Compute the gcd of 135 and 170. Show all the steps of the algorithm, as in the video.

Consider the equation $7x + 15y = 1$. Find an integer solution to this equation using inspection or trial and error.

Using the previous problem, tell me the inverse of $7$ modulo $15 and the inverse of $15$ modulo $7$. (This should require no computation, just look at the previous problem and have an aha moment!)

Compute the gcd of 183 and 105. Show all the steps of the algorithm, as in the video. Verify using the Sage Sandbox (link at left for whenever you need it).

Solve $183x + 105y = 3$ by expanding your work above into “recipe cards” as shown in class. Here’s another video which explains this (~11 mins) in case you need a refresher. Verify your answer using Sage’s command xgcd (Sage Sandbox).

Find the inverse of 35 modulo 61. Use the extended Euclidean algorithm. Verify your answer by multiplying out.

What if we want to solve 3x + 5y = 0? The zero is the weird part. Then we don’t use the Euclidean algorithm.

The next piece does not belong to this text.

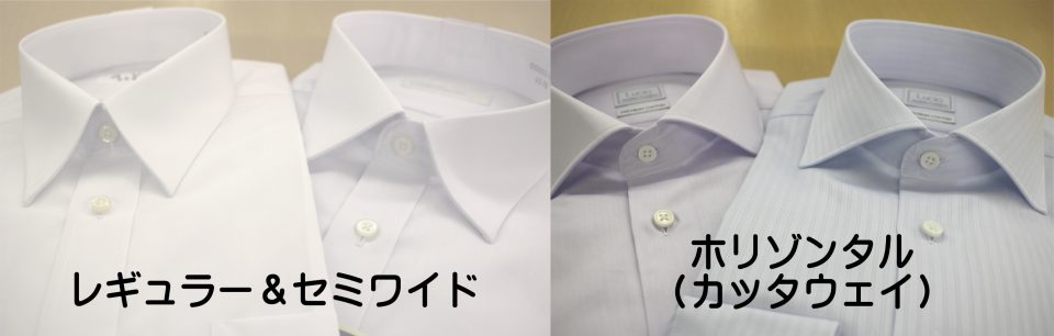 襟のデザインは、レギュラーか、セミワイドが定番です。最近のトレンドは、レギュラーよりも、大きく開いたセミワイドや、ホリゾンタル(カッタウェイ)と言う、後ろに反り返った襟です。

Give one solution by inspection (just find a clever one).

Now give another one different from the first.

Now give infinitely many.

Find a solution to 3x + 5y = 1 (using the algorithm from class, or by guessing one).

Now find infinitely many different solutions to 3x+5y = 1. (Hint: use questions 2 and 3 above)

If time remains: The goal of this exercise is to work out the runtime of the Euclidean algorithm (you may have seen this already, but do this without looking anything up):

Think of the Euclidean algorithm as replacing one pair $(a,b)$ with a new pair $(a’,b’)=(b,a-qb)$ at each step. For example, if we start with $(a,b)=(183,105)$ as on the last daily post, then we get $(a’,b’)=(b,a-b)=(105,78)$ at the next step.

Show that, if $b < a/2$, then $b’ < a/2$.

Show that, if $b \ge a/2$, then $b’ \le a/2$.

Conclude that after two steps $(a,b) \rightarrow (a’,b’) \rightarrow (a^{”},b^{”})$, the size of the first entry has decreased by at least half (so, it may have decreased more than that).